Deductive reasoning comes to children at ages 11 or 12. It’s a form of “top-down” logic to inductive’s “bottom-up” logic.
You need to understand basic, broad facts about the world in order to draw conclusions from them. With deductive reasoning, you don’t have memories of experiences to guide your reasoning. You have to know things like “all dogs are mammals” or “all humans are mortal” to narrow your reasoning down to conclusions that you might not be able to grasp.
Another big difference between induction and deduction is that deductive reasoning comes with much stricter rules. Every premise has to be true. If there are exceptions to the premise, then you can’t come to a true conclusion. Your conclusion may be valid, but it won’t be true. (And yes, there is a difference in the world of philosophy.)

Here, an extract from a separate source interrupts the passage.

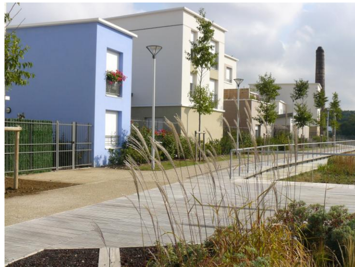
Des continuités piétonnes
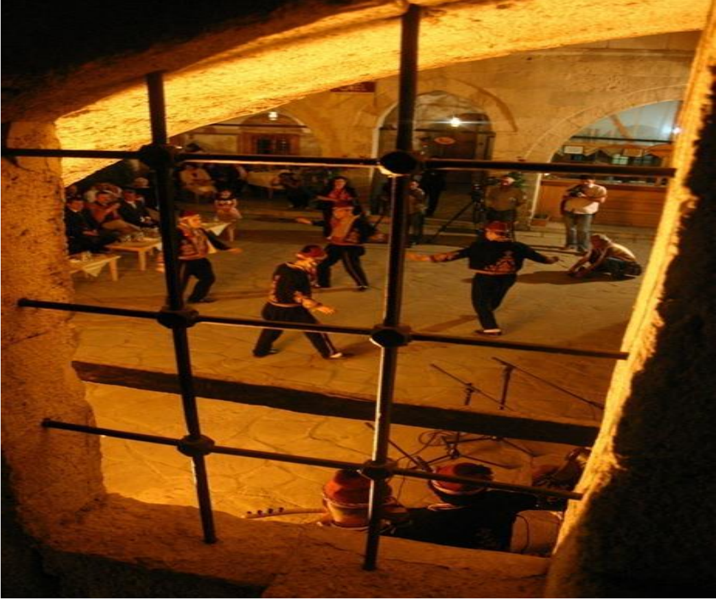
FOTOĞRAF 30: Safranbolu Cinci Hanında Seymen Oyunu Gösterisi 5

Test Your Knowledge on Inductive Reasoning
Alright, it’s test time! I’m going to give you three questions to test your knowledge on induction. No cheating!
Induction uses ______ as evidence to come to conclusions?
Can you get the truth from induction?
Answer: Not in the philosophical sense. Since each premise does not have to be true, induction will only tell you what is likely to be true.
Which form of reasoning do children develop first?
C: They develop them at the same time!
The answer is B. Children develop the ability to learn through inductive reasoning at age 6 or 7. They typically understand. deduction later in their development.